# REFLEX-RLVR

**Self-Teacher Capacity Expansion via Latent-Register Exploration and
Latent-to-Discrete Policy Transfer (LDPT).** A NeurIPS 2026 Main
Conference project.

> *A base LLM is a stronger discriminator of valid reasoning chains
> than a generator of them. REFLEX-RLVR is the recipe that converts
> that discriminator into a generator on previously-unsolvable
> problems, using nothing but a formal verifier and the model itself.*

## Quick links

- **Project overview** — `overview/`. One-stop reference: title,
  abstract, TL;DR, keywords, contributions, methods, status, planned
  figures, benchmarks. Update these as the project evolves.
- **Canonical paper** — `paper/paper.md`. Single file (no versioned
  drafts). Currently has Introduction + Methods only; Experiments /
  Results / Discussion fill in as data lands. PDF builds go to
  `paper/builds/`.
- **Tabular results** — `results/`. CSV / NPZ / Parquet only; figures
  are *not* stored here.
- **Figures** — `figures/`. Scripts that render from `results/`. Empty
  as of 2026-05-03.
- **Conceptual proposal** — `proposal.md` (~46K words, v0.D3, post 3
  audit rounds). The pre-registered scientific protocol.
- **Engineering specification** — `architecture.md` (~25K words).
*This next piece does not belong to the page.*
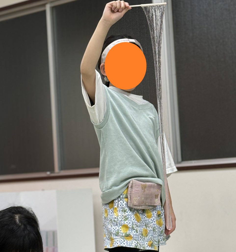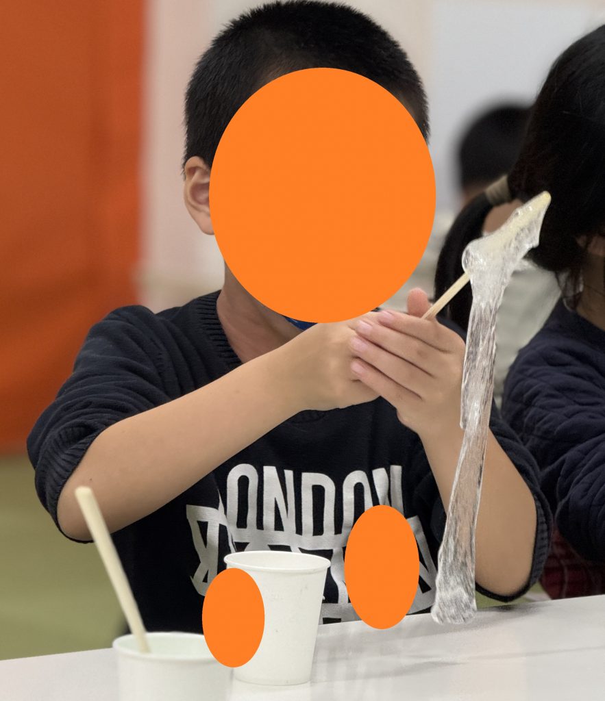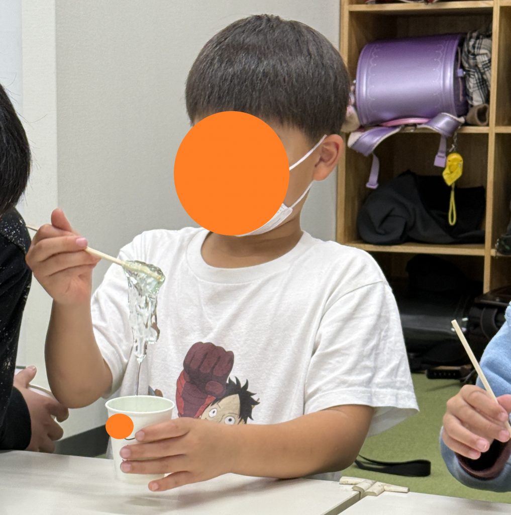 児童はスライムを混ぜながら、「まだサラサラ。」「ホウ砂水が足りないかも。」と、固まり具合を見てスタッフに伝えていました。割り箸にまとわりついて固まった部分と紙コップの底に水分が残った部分とで分かれていたり、伸びすぎて少し水っぽい状態だったりと、様々な変化を見て完成までの微調整を繰り返しました。

The
  per-cycle hyperparameter source of truth.
- **Spend log** — `spend_log.md`. Running tally of every Modal
  invocation, dollar cost, and what was learned.

## Repository layout

```
reflex-rlvr/
├── README.md                ← you are here
├── CLAUDE.md                ← session bootstrap rules for Claude Code
├── proposal.md              ← scientific proposal (pre-registered)
├── architecture.md          ← engineering specification
├── spend_log.md             ← running Modal spend
├── pyproject.toml           ← uv / pip / pytest config
├── overview/                ← one-stop project-identity files
├── paper/
│   ├── paper.md             ← CANONICAL manuscript
│   ├── README.md
│   ├── submission_checklist.md
│   ├── archive/
│   └── builds/              ← PDF outputs (gitignored)
├── results/                 ← tabular only; figures NOT stored here
├── figures/                 ← rendering scripts; output gitignored
├── configs/
│   ├── pilot.yaml
│   ├── cycle_1..5.yaml
│   └── modal.yaml
├── src/reflex_rlvr/
│   ├── verifier/            ← SymPy + sandboxed code + Lean stub + router
│   ├── latent/              ← cosine-anneal noise, halt head, diagnostics
│   ├── gsi/                 ← Gradient-Spectral Initialization
│   ├── eval/                ← pass@k, paired bootstrap, Yue crossover check
│   ├── mining/              ← (stub; Modal-bound)
│   ├── translator/          ← (stub; Modal-bound)
│   └── modal_app/           ← Modal app glue (smoketest only for now)
├── scripts/                 ← entry-point scripts (modal_smoketest, …)
├── tests/                   ← unit tests (Mac-CPU runnable)
└── data/                    ← datasets (gitignored)
```

## Local development quickstart

```bash
# Install (Python 3.11, uses uv if available)
uv sync                               # or: pip install -e ".[dev]"

# Run the unit tests (no GPU, no Modal)
pytest

# Run the SymPy + sandbox + dispatcher tests only
pytest tests/test_sympy_verifier.py tests/test_code_verifier.py tests/test_router.py
```

## First Modal job (when ready, gated on user approval)

```bash
modal run scripts/modal_smoketest.py     # CPU only; ≈ $0.001
```

The smoketest verifies image build, secrets, and volumes are wired.
Per the [Modal cost rule](#modal-cost-rule) below, every subsequent
GPU job requires explicit "yes run it" approval.

## Project status (2026-05-03)

Phase 0 — pre-Modal local infrastructure. Verifier sandbox, latent
primitives, GSI, pass@k eval, Modal smoketest scaffold are
implemented and unit-tested on Mac CPU. Modal authenticated
(`anonymous`), no GPU jobs launched. The first GPU job will be
the Week-1 premise pilot on Qwen2.5-1.5B (proposal §1.7), ≤ $250
envelope, two pre-registered gates fire before any 7B compute.

## Modal cost rule

- Show the exact `modal run` command and the expected $ cost.
- Wait for explicit approval ("yes run it" or equivalent).
- Never use `--detach`.
- Never auto-retry on disconnect.
- Log every H100·hr to a wandb run.

(Mirrors the project's user memory; do not weaken these rules.)

## License

Apache-2.0 (planned, post-paper-acceptance). Until then, the repo is
private; please do not redistribute.